The taxi drivers are to be given a greater piece of visitor business as a matter of priority, Symmonds told the House of Assembly during the start of debate on the 2019-2020 Estimates of Revenue and Expenditure this morning.
He revealed that the 255 taxi operators at the Bridgetown Port were getting only five per cent of the business of transporting visitors around Barbados, insisting that the situation was an injustice to democracy.
He sought to make it clear he was not interested in taking away business from any one segment of the transportat market, but rather in enlarging the pie.
“I am interested in having a greater access to opportunity for the persons who are driving taxis for a living,” Symmonds said, adding that he has already met with the taxi operators at the two ports of entry on the way forward.
“Philosophically, that does not sit well with me and I think we do the country and the image of that thing we call democracy, and economic democracy is at the forefront of my thoughts on this matter, we do it a tremendous injustice if we allow that to continue,” the minister warned.
Symmonds said: “There is now a project proposal to be rolled out during this winter season 2019-20 and that will be to see the Bridgetown Port Cooperative Taxis branded. First step. It will allow for them to offer intimate and smaller personalized tours.”
The minister disclosed that four activities are to be examined: eco-adventures such as the Graeme Hall Nature Sanctuary, a tour of Historic Bridgetown, beach activities and heritage tourism.
“All of these are areas which we are in a position to flesh out greater product development and have greater activity,” Symmonds told legislators. “But we have to have a transportation sector that is branded so that it can function as a cooperative distinctly; that is be-spoke in nature so that you can have customed-designed tours and for the first time ever, we have to connect these people to cruise ships.”
Symmonds said Government was helping the taxi operators to be able to attend trade shows and acquire insurance cover, noting that the insurance requirements for the cruise industry are phenomenal.
“The board of the Bridgetown Port has now agreed [that] they will assist the taxi coop when once up and functioning with its first year of financial commitment for insurances that you don’t have to have individual taxi men looking for find ($120,000-$140,000) in order to get the insurance necessary,” he revealed.
The Minister of Tourism said the service which the taxis offer must also be promoted and sold.

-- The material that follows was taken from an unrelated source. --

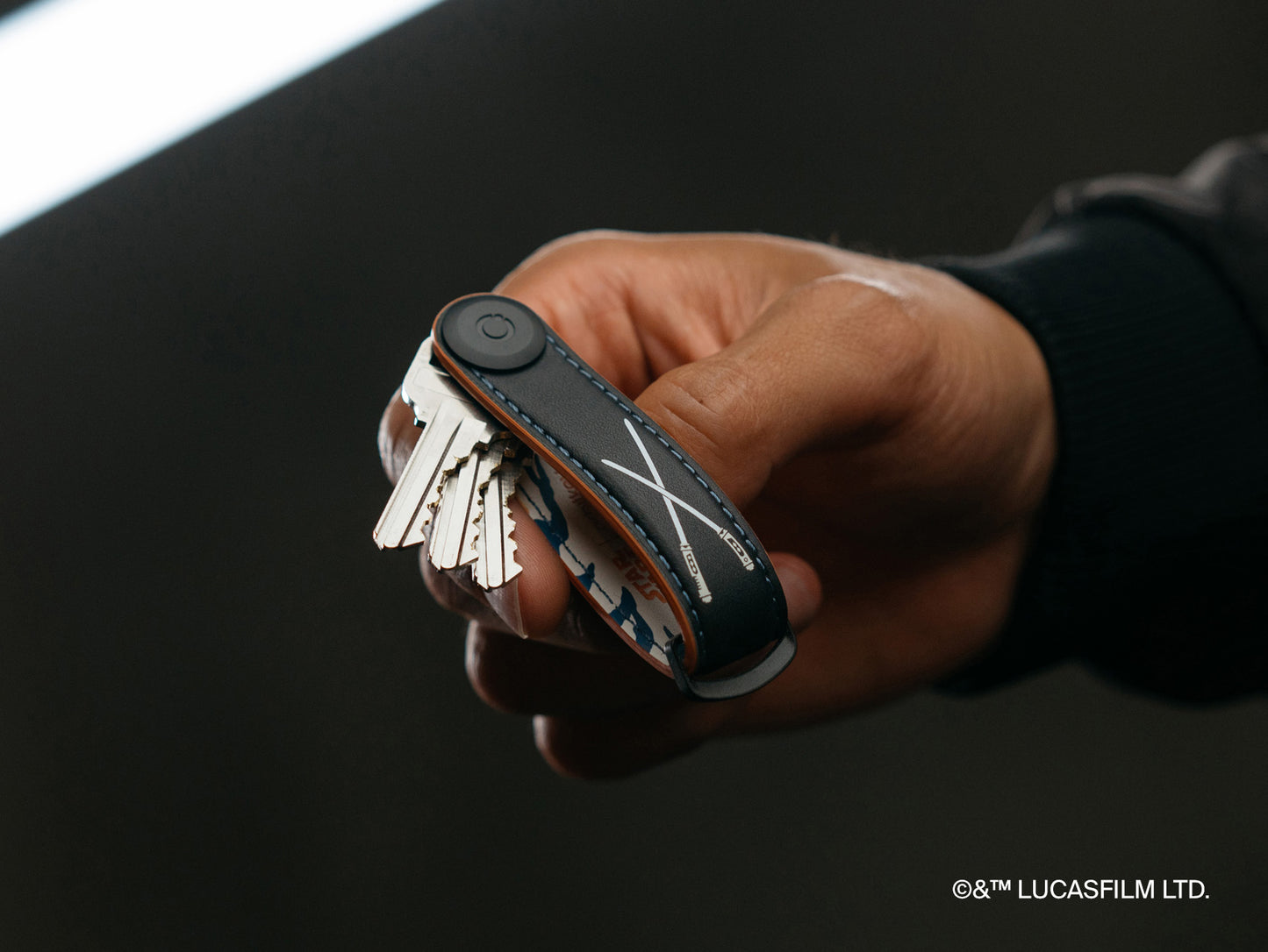 Featuring a black leather with navy stitching, orange edge lining, and white and blue stripes inner band inspired by Ahsoka™.

He said: “We can do this via use of modern technology, for example apps on cellphones, so that as soon as you come into Barbados, you can get a range… a menu of the things that Barbados is offering; you are not reliant on any middle man; you can find your way to the attraction that suits you, [that] fits you personal interest in a better way and you have a five or six-seater able to offer you a different type of experience that does not right now quite frankly, have access to the market in the same way.”
The Minister argued that one of the main solutions to their problems was getting more visitors who spend more.
He revealed the findings of a recent report by the Business Economic Research Advisors of the Florida Caribbean Cruise Association on tourist spend.
The Minister told the House of Assembly: “The average spend for transit passengers for Barbados in 2014 was $75.85. In 2018 it dropped to $64.05 as average spend. This is now the statistical data that is making it patently clear to us that we are failing ourselves. We can correct that problem I believe, by more deeply involving those persons who are taxi operators at the Bridgetown Port.”